URL: http://econpapers.repec.org/paper/vanwpaper/vuecon-12-00012.htm
Review by Chris Colvin

Do banks facilitate economic growth, and if so, what type of banks do so best? Matthew Jaremski and Peter Rousseau attempt to answer this question by looking at the economic impact of the entry of “free banks” to the US market for banking services in the mid-nineteenth century.

Free banks, so called because they required no charter, were an early form of financial liberalisation which in the long-run proved to be unsuccessful; by 1863, one third of all the free banks ever created had closed.

The advent of free banking laws lowered entry barriers because any group of individuals could establish a bank, as long as they fulfilled certain requirements set down by the state in which they operated. The incumbent charter banks, by contrast, required significant political lobbying before they were permitted to open.

Jaremski and Rousseau look at a period of US history in which both types of bank operated side-by-side. Using county-level social, financial and economic data, they are able to track the impact, if any, of a bank opening on its locality.

Jaremski and Roussasu find that free banking had little effect on growth

Jaremski and Roussasu find that free banking had little effect on growth

Overall, they find that banks of any kind had a strong effect on local growth, especially in manufacturing. But when differentiating the impact by bank type (charter versus free), charter banks had a positive effect while free banks had little or no effect on growth.

So in conclusion, banks appear to facilitate economic growth, but free banks not so much. Why?
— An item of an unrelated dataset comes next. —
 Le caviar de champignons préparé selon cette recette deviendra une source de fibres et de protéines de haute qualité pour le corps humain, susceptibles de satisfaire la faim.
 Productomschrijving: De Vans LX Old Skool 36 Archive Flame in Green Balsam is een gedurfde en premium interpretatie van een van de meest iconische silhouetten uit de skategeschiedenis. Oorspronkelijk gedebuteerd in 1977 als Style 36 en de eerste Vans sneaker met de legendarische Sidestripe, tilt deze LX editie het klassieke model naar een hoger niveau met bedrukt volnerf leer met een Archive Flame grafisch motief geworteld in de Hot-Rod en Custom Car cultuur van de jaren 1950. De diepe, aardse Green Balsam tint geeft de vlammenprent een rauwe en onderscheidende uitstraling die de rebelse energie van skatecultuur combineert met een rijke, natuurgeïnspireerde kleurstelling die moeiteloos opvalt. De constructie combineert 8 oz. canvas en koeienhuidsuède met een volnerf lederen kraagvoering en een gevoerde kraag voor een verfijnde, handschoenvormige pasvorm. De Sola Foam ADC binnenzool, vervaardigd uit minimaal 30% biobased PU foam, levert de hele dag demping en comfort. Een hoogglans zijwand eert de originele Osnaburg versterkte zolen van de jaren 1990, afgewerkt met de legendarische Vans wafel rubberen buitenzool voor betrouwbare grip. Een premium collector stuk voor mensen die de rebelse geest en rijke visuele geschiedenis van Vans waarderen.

The authors reckon it has something to do with: (1) what they were investing in (agriculture rather than manufacture); (2) what backed their note issues (some states required very little stable collateral); and (3) new banking legislation in the 1860s (which saw the advent of national banking).
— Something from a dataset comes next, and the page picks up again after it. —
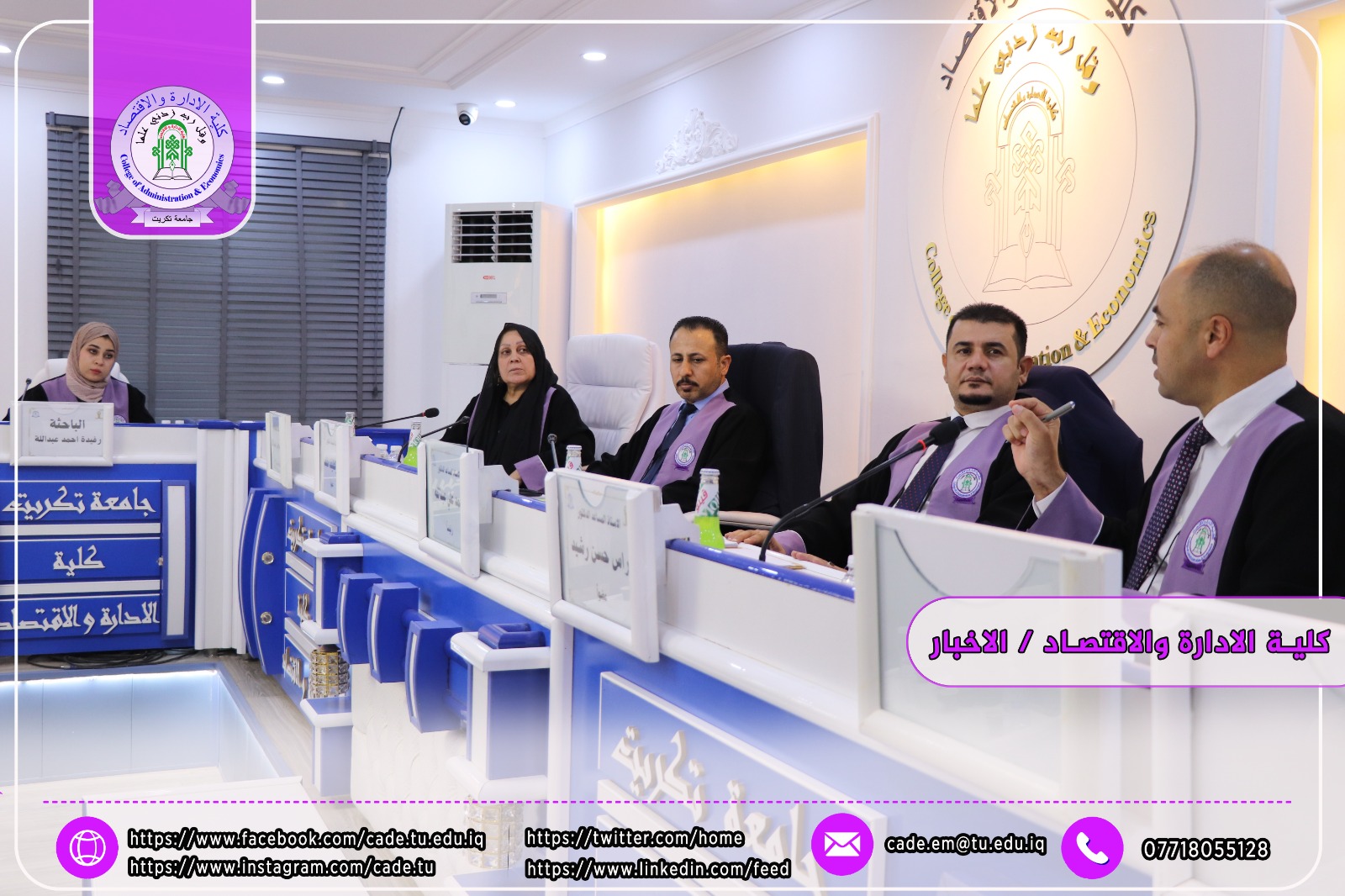وتألفت لجنة المناقشة من ا.م.د. محمد علي عبدالله رئيساً وعضوية كل من ا.م.د. فراس حسن رشيد، ا.م.د. ياسر لطيف خلف، إلى جانب المشرف على الرسالة.

The Open Access Debate and Economic History

This paper, which was distributed by NEP-HIS 2013-02-03, is an example of an alternative use of working paper series: the distribution of soon-to-be-published journal articles that have already gone through peer review. Jaremski and Rousseau are about to have this article published in Economic Inquiry; it is already available there on Early View.
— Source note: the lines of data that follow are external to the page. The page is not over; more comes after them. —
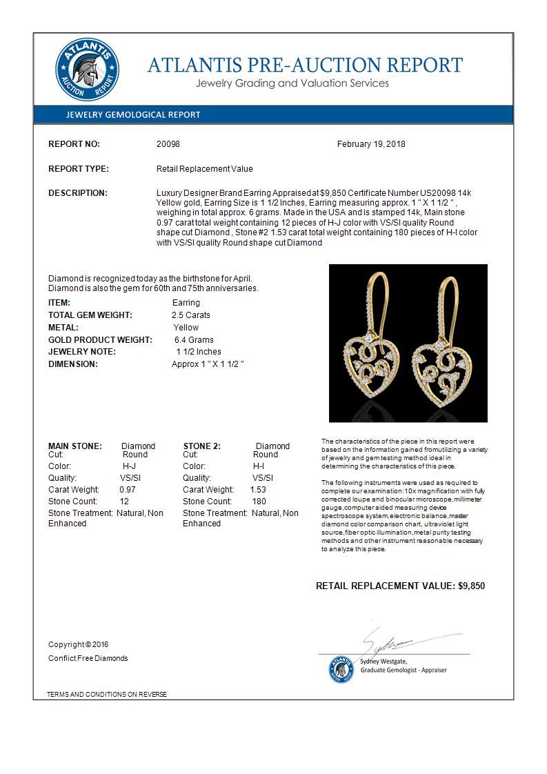 REF-179T3M -20098 ---- 2.50 CTW VS/SI Diamond Micro Pave Designer Earrings 14K Yellow Gold ---- Luxury Designer Brand Earring Appraised at $9,850 Certificate Number US20098  14k Yellow gold,  Earring Size is 1 1/2 Inches, Earring measuring approx. 1 " X 1 1/2 "  , weighing in total approx. 6 grams. Made in the USA and is stamped 14k, Main stone 0.97 carat total weight containing 12 pieces of H-J color with VS/SI quality Round shape cut Diamond , Stone #2 1.53 carat total weight containing 180 pieces of H-I color with  VS/SI quality Round shape cut Diamond
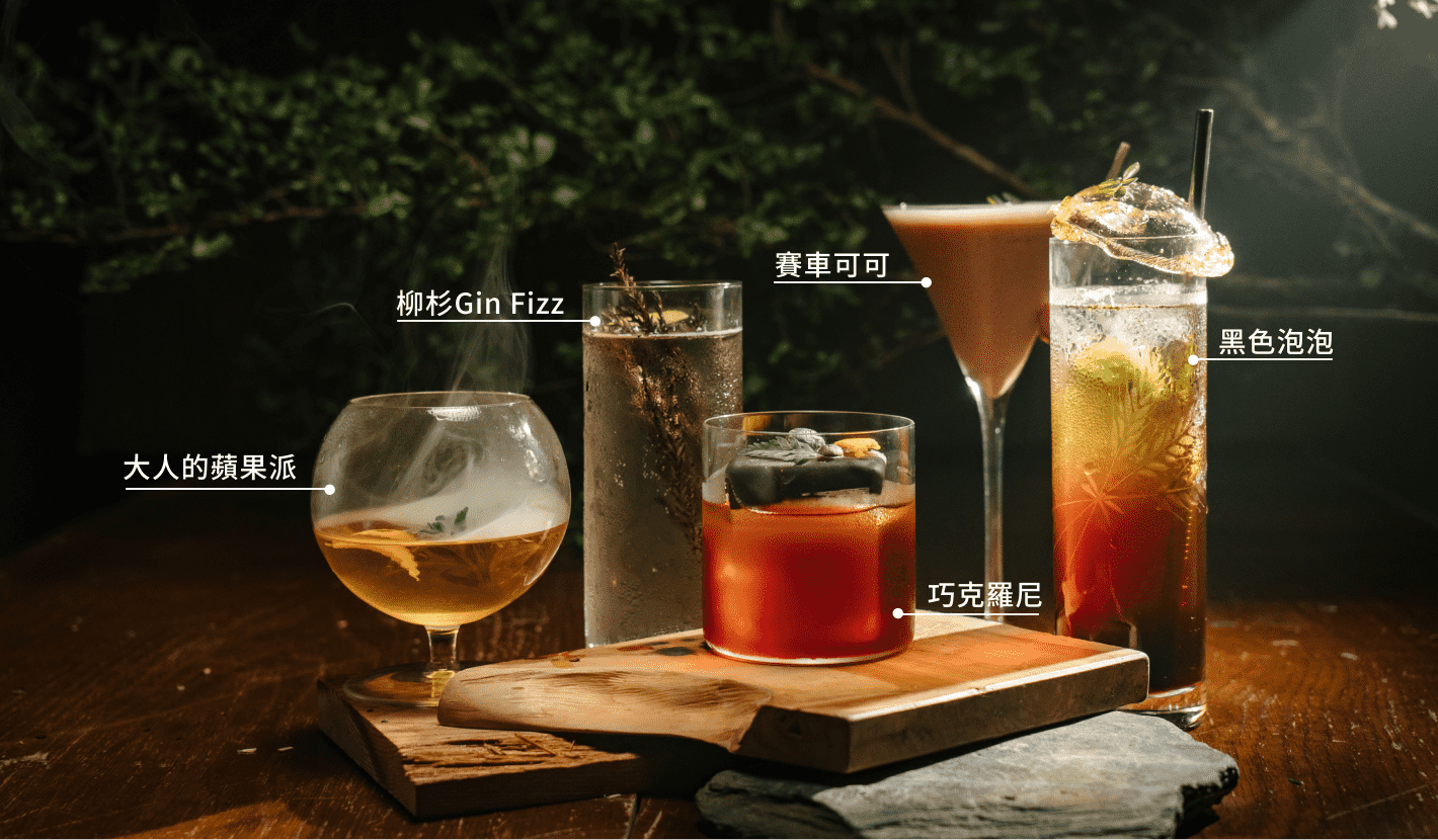 每一天走進店裡 ,是先找個位子坐下翻翻自己的筆記本,思考最近生活中有什麼新的題材、新的內容可以放入酒中。調酒的世界變化萬千,一杯杯精彩動人的創意並非憑空出現,而是在於日常點滴的積累。2022 年,規劃好了新的酒譜,準備向海明威等幾位大文豪致敬,然而疫情的衝擊如一記重拳打亂了這些計畫,於是我選擇讓一切歸零,走入山林讓自己靜心。這一趟旅程讓我看見,原來一草一木都是大地的獻禮;土壤不只孕育萬物的生長,更有可以放進酒杯裡的絕妙風味。於是,我向山借了許多元素帶回店裡。
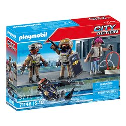 La squadra dell' unità speciale è pronta ogni volta che la polizia playmobil ha bisogno di un supporto extra. Il playset contiene tutto ciò che serve ai giovani poliziotti per mettere insieme una squadra di pronto intervento, come un sommozzatore dell' unità speciale, un coordinatore delle operazioni e un ufficiale. Con le sue attrezzature speciali, la squadra è alle calcagna del fuggitivo. Il crimine non ha scampo contro questa task force! Con edifici ricchi di funzioni, fantastici veicoli e diversi personaggi, la linea PLAYMOBIL City Action stimola un gioco di ruolo divertente e fantasioso. con quattro personaggi PLAYMOBIL, tre dell' Unità Speciale e una criminale donna, bombola, casco, GPS, piede di porco e numerosi equipaggiamenti per inseguimenti ricchi di azione nella cameretta dei bambini.

Why do authors use working paper series for this purpose? Well, probably to improve the access to their work.

Improving access to academic work is a very live political issue here in the UK. There is much talk about ways to make academic research available to the general public. The UK government seems to be in favour of something called Gold Access, where researchers pay to have their work published in journals (see here). This strikes me as a way to prop up the status quo, to support publishers’ existing business models, which in my opinion have come under incredible pressure from digital paper archiving and distribution services like RePEc.

An alternative mooted by others has been dubbed Green Access, and is very much the spirit of what Jaremski and Rousseau do here: in addition to publishing work in the standard way, through an established journal with peer review, academics make a version of their article available free-of-charge through their own website or their institution’s online archive, perhaps after some time delay. Many publishers seem dead against this route, perhaps because it threatens their business model more than Gold Access would. But I think putting pressure on their business is a good idea; I reckon that the likes of Elsevier need this pressure in order to curb their market power.

The Economic History Society has recently sent at letter to the UK government committee tasked with looking into the issue of Open Access (see here). It is written from the perspective of not-for-profit academic publisher, and has a different assessment of the situation than me. I urge economic historians to read it and debate its implications, also those located outside of the UK.